Soon will be listed here.

Abstract

Objective: To compare ground reaction force patterns (GRF) during walking among legs defined by presence or absence of knee pain and/or radiographic knee osteoarthritis (ROA).

Method: Principal component analysis extracted major modes of variation (PCs) in GRF data from the Multicenter Osteoarthritis Study during self-paced walking. Legs were categorized as pain + ROA (n = 168), ROA only (n = 303), pain only (n = 476), or control (n = 1877).
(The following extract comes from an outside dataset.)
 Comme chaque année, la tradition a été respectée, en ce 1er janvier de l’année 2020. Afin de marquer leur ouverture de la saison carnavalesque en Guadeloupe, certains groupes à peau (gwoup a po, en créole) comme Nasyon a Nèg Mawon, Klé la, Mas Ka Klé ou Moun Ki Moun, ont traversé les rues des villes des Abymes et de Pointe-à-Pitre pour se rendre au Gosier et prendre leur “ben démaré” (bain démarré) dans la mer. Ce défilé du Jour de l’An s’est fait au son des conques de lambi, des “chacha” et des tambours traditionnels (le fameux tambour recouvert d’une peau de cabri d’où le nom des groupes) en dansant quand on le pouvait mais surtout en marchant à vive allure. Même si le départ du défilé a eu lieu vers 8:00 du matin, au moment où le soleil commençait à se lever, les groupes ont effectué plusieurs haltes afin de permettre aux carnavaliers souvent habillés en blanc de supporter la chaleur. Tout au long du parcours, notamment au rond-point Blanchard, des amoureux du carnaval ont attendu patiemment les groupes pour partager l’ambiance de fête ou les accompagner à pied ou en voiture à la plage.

Relationships between group and GRF PCs were examined using Generalized Estimating Equations, adjusted for age, sex, body mass index, race, and clinic site with and without additional adjustment for gait speed.
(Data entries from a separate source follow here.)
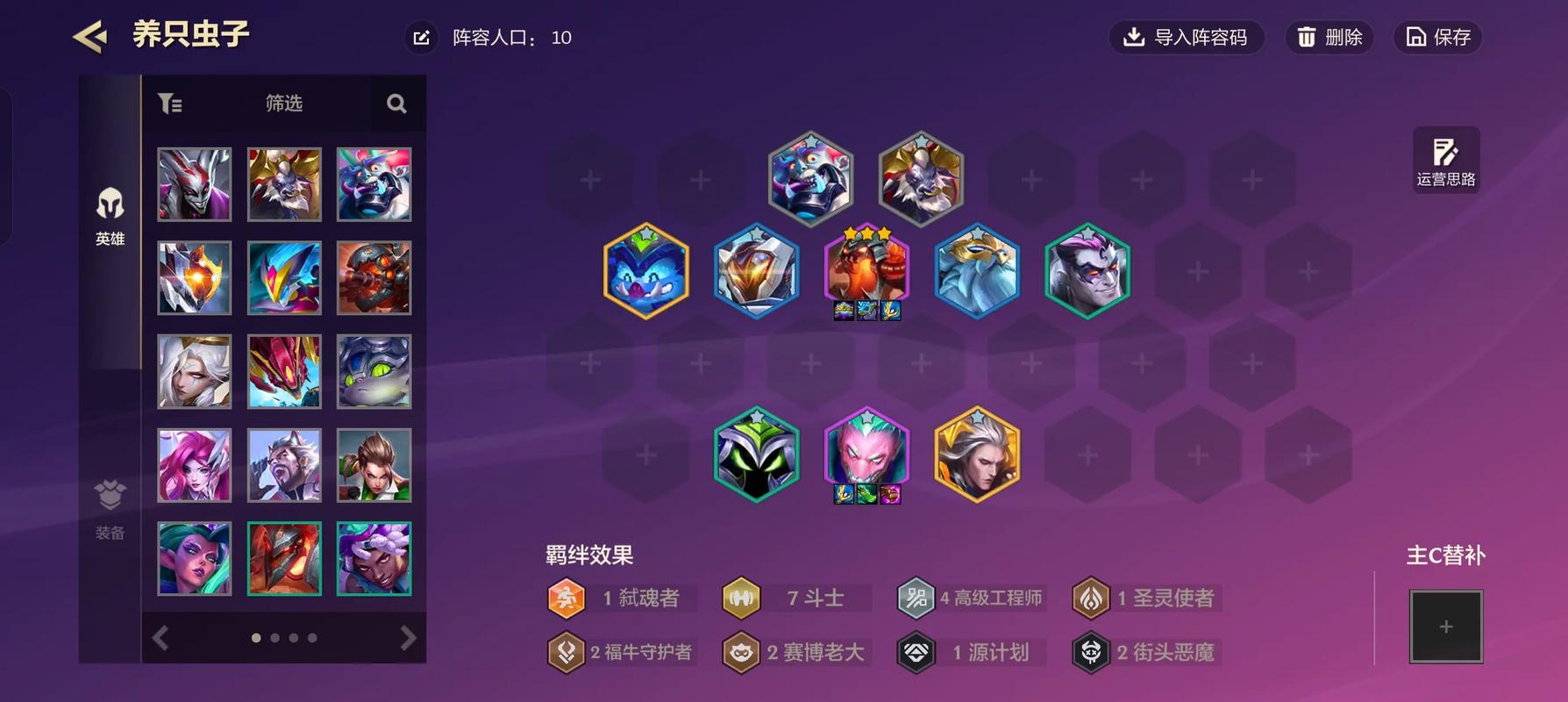 〖Three〗、阵容组成 波比、豹女、龙女、千珏、烬、莫甘娜、阿萝拉(人造人英雄)、小法、蜘蛛。这九位英雄共同构成了人造人龙法阵容。羁绊组成 4人造人:提供额外的生命值和法术强度加成。4魔装机神:在战斗开始时,三个魔装机神英雄将合体为一个超级魔装机神,拥有强大的生命值和攻击力。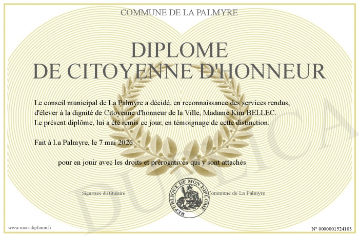 Envoyez par email votre Diplome de citoyenne d'honneur personalisé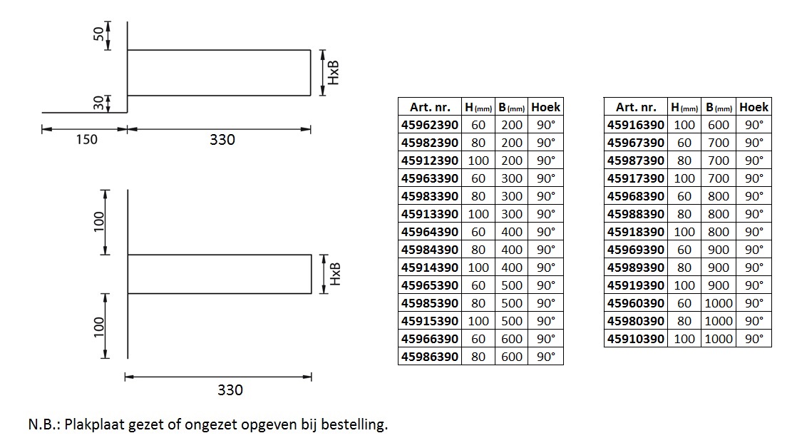 Lengte opstaande rand plakplaat |

Results: With or without speed adjustment, pain + ROA had flatter vertical GRF waveforms than control (speed adjusted PC2 difference [95%CI]: -66 [-113,-20]), pain + ROA and ROA only had higher lateral GRF at impact and greater mid-stance medial GRF than control (speed adjusted PC3 difference: 9 [3,16] and 6 [2,10], respectively), and ROA only had higher early vs late medial GRF than control (speed adjusted PC2 difference: 7 [2,13]). Pain only had flatter vertical GRF waveforms and a smaller difference between anterior and posterior GRF than control only without speed adjustment.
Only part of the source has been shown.